Large and complex (expensive) numerical models are often employed to produce descriptive information that is useful for planning purposes when major field research efforts are being designed. However, there is a diversity of less complicated (relatively inexpensive) modeling of available data that can also have a valuable role for project planning purposes. Exploitation of this diversity should be encouraged to provide a more robust basis for future planning of Son of NABE.

Table 7.1

Data Set n standard error of the estimate

 TT007	901	0.82

TT007* 450 0.84

TT011 899 0.68

NABEX 799 0.45

NABE 1433 1.23

NABET 449 1.05

* Fit using a randomly selected half of the TT007 data set. The standard error of the estimate was computed using the other half of the data set

TT007 is the JGOFS EQPAC spring survey cruise data set obtained during January through March 1994 data set.

TT011 is the JGOFS EQPAC fall survey cruise during August and September 1994.

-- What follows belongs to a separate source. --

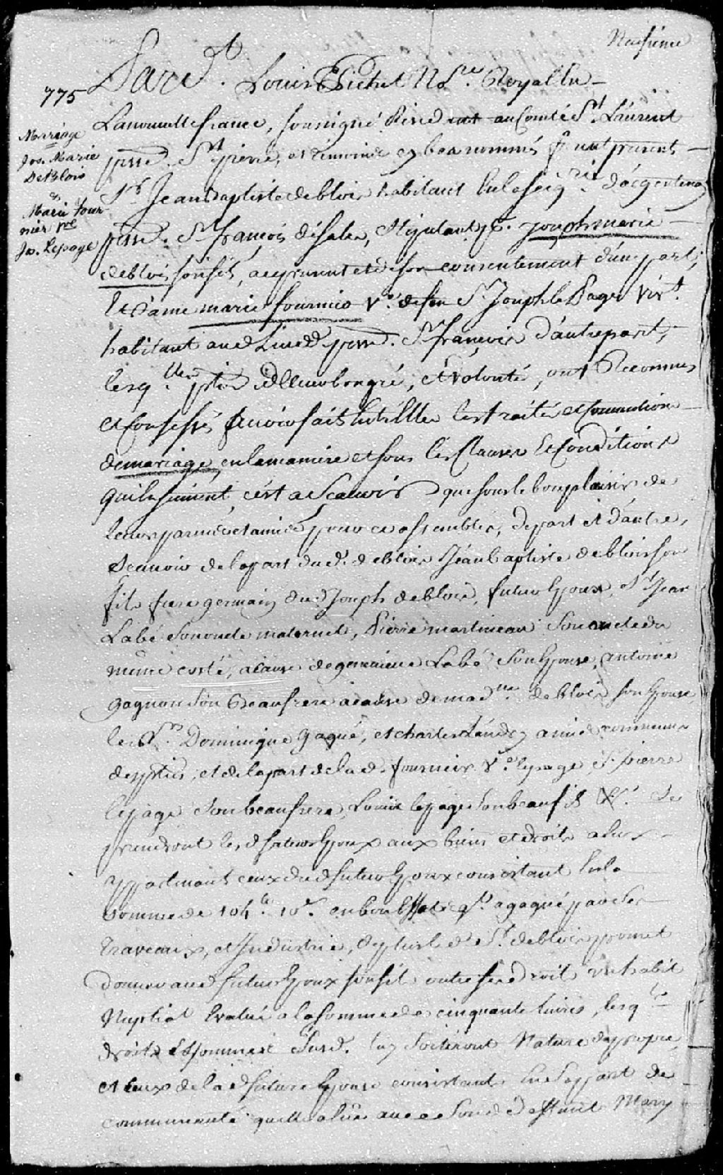 Contrat de mariage passé pardevant Louis Pichet, notaire royal en la Nouvelle-France, entre Joseph-Marie Deblois, fils de Jean-Baptiste Deblois, habitant de la seigneurie d'Argentenay, paroisse Saint-François-de-Sales; et Marie Fournier, veuve de défunt Joseph Lepage, vivant habitant audit lieu, paroisse Saint-François-de-Sales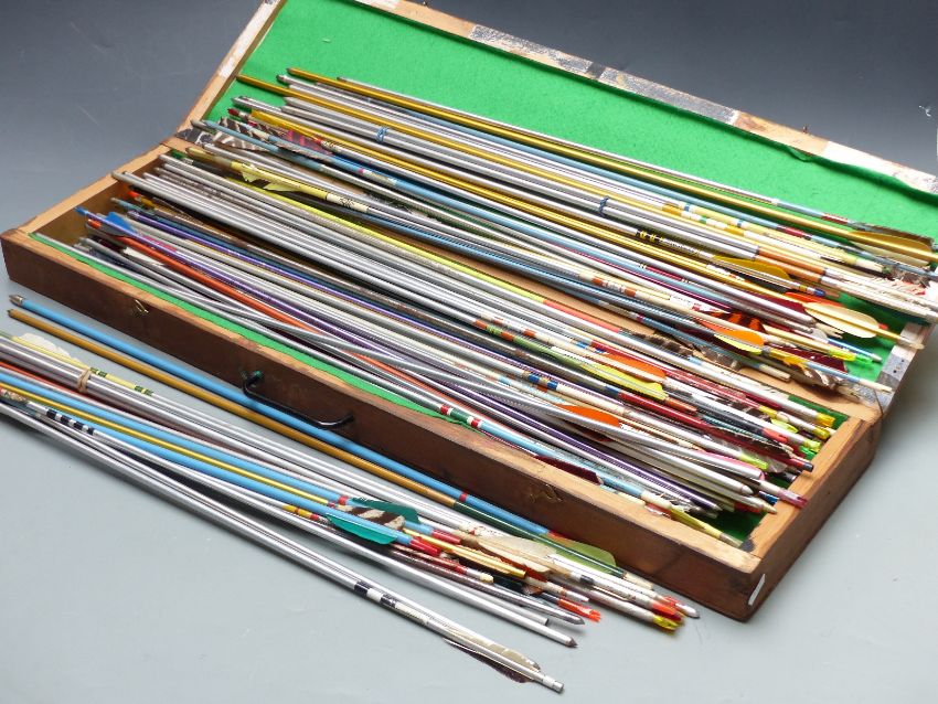 A large collection of metal archery arrows, various manufacturers including Easton, Practistreak, Apollo, Bjorn Bengtson etc, approximately 250 plus

NABEX is a data set collected during the JGOFS North Atlantic Bloom Experiment in April and May of 1989 in the vicinity of 47°N and 20°W. The data set consists of 54 standard hydrocasts and 13 pump stations to a maximum depth of 120m with 4m resolution, with a total of 848 observations.

NABE is a composite data set of NODC and BOFS data described in Garside and Garside (1993). Data are from many cruises and all seasons between July 1970 and June 1990 but not including NABEX, in an area between 15 - 25°W and 35 - 60°N to a maximum depth of 125m.

NABET is a subset of NABE with data from only the upper 20m fit with a polynomial in temperature alone. The purpose of this exercise was to examine the possibility of using remotely sensed AVHRR data to predict mixed layer NO3 concentrations. 449 observations were available, and in this case none was rejected.